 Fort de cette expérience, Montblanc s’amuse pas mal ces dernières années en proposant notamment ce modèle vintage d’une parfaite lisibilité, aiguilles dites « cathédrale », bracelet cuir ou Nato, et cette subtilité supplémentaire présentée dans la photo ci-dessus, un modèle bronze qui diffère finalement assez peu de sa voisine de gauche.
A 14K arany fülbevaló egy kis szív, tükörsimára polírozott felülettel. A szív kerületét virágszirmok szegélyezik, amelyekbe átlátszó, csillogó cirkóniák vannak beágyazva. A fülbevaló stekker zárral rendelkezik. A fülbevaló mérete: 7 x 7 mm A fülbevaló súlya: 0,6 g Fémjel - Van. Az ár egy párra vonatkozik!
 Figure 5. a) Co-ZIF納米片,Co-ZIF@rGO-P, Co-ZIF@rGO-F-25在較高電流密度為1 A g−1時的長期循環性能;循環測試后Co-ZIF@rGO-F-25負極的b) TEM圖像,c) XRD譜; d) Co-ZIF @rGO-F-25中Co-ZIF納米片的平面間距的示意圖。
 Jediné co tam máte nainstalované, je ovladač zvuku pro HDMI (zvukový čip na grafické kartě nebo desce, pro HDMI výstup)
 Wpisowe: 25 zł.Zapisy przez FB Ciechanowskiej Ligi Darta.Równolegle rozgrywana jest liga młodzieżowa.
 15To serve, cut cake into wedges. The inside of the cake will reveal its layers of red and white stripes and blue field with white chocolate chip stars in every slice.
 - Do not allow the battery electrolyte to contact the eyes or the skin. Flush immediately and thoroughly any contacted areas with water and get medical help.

...

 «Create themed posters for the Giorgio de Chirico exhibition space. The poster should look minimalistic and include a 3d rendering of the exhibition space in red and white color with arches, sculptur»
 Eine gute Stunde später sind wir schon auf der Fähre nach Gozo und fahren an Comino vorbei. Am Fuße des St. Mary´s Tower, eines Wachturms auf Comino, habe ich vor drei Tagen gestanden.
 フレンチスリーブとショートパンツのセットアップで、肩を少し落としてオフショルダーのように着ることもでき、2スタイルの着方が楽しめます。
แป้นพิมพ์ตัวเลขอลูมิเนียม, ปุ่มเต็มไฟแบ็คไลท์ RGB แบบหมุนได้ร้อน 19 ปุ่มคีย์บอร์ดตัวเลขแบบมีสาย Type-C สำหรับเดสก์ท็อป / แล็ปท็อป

==

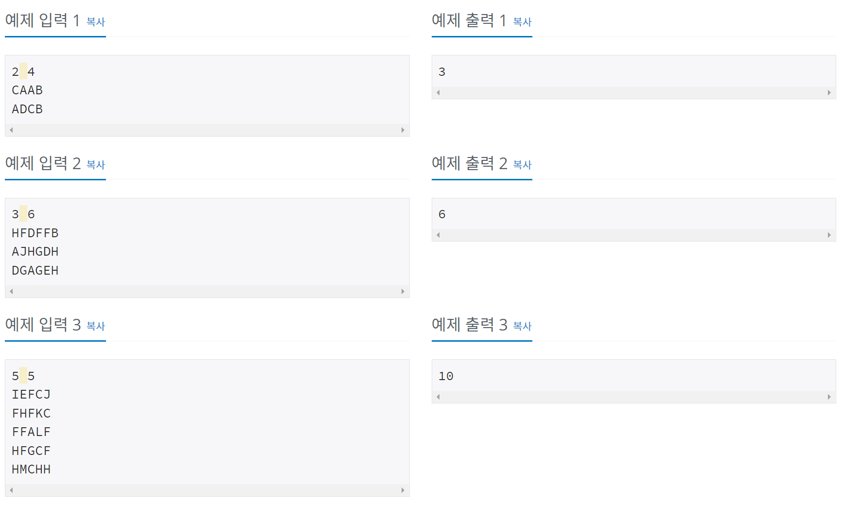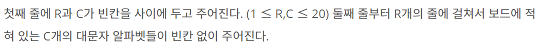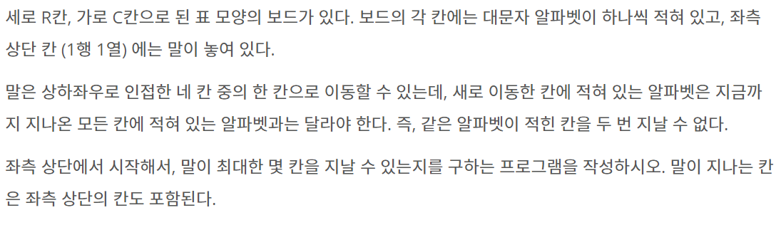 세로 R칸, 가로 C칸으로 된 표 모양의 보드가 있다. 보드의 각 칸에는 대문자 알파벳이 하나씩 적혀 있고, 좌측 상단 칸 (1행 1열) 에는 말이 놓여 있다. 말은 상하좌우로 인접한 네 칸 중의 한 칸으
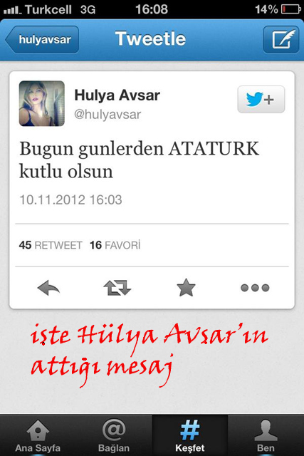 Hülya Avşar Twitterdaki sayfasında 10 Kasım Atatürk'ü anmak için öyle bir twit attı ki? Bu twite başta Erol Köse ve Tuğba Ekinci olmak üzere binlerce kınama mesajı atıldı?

Exercise: Your answer should be the lines of the records that hold the string "with".

Your response:
 15To serve, cut cake into wedges. The inside of the cake will reveal its layers of red and white stripes and blue field with white chocolate chip stars in every slice.
 - Do not allow the battery electrolyte to contact the eyes or the skin. Flush immediately and thoroughly any contacted areas with water and get medical help.
 «Create themed posters for the Giorgio de Chirico exhibition space. The poster should look minimalistic and include a 3d rendering of the exhibition space in red and white color with arches, sculptur»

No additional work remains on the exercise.